Ubuntu – How to find a string of multiple line in shell script

command linescriptstext processing

I want to find the string

Time series prediction with ensemble models

in a pdf fle using shell script.I am using pdftotext "$file" - | grep "$string".where $file is the pdf file name and $string is the above string.It can find out the line if the entire string contains in a line.but it can't find out line like:

Time series prediction with 
ensemble models

how can I resolve it.I am new to linux. so explanation in detail is appreciated.thanks in advance.

Best Answer

One possible way might be to replace grep by pcregrep (available from the 'universe' repository), which supports multiline matches, and then instead of searching for the literal string

Time series prediction with ensemble models

search instead for the perl compatible regular expression (PCRE)

Time\s+series\s+prediction\s+with\s+ensemble\s+models

where \s+ stands for one or more whitespace characters (including newlines).
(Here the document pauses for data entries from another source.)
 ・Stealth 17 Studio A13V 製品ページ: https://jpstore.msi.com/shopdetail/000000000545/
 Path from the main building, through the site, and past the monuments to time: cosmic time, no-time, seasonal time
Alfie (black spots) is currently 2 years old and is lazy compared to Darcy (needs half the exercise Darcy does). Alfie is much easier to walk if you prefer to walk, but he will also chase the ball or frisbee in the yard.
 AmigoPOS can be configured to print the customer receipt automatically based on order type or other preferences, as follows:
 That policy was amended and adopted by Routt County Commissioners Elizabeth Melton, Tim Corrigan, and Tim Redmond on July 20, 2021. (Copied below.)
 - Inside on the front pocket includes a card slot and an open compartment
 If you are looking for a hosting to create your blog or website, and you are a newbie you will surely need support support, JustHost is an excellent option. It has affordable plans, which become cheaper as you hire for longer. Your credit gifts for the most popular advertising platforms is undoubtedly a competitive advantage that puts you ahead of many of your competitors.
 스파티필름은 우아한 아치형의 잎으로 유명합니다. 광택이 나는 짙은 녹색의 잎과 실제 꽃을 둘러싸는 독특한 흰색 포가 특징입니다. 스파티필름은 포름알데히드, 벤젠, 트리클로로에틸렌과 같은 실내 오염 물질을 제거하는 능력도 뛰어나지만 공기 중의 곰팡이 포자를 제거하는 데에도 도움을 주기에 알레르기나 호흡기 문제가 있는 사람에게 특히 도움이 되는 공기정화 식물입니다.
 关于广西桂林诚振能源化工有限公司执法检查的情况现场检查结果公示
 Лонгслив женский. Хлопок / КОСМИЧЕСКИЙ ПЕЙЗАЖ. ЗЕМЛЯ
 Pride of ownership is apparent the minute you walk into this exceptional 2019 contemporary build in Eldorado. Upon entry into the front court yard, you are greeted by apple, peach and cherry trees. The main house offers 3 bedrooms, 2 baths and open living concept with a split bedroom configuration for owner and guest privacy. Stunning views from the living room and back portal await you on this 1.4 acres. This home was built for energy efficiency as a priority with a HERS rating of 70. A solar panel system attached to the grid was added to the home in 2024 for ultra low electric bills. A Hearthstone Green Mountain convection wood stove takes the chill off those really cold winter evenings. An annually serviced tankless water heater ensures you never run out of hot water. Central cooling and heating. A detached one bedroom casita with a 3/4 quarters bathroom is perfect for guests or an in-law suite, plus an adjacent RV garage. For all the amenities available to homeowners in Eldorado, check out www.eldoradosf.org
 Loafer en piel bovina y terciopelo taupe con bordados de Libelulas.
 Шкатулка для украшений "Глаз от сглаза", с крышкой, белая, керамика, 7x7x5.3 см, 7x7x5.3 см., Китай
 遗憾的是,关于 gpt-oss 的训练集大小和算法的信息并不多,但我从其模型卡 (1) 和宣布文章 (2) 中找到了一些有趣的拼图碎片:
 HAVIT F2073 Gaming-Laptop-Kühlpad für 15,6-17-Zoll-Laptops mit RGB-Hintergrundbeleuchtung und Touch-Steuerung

Using the bash shell's built-in string substitution capabilities to perform the latter step

pdftotext "$file" - | pcregrep -M "${string// /\\s+}"

If you can't use pcregrep then you might be able to get the output you want using plain grep with the -z switch: this tells grep to consider the input "lines" to be delimited by NUL characters rather than newlines - in this case, effectively making it treat the whole input as a single line. So for example if you only want to print the matches (without context)

pdftotext "$file" - | grep -zPo "${string// /\\s+}"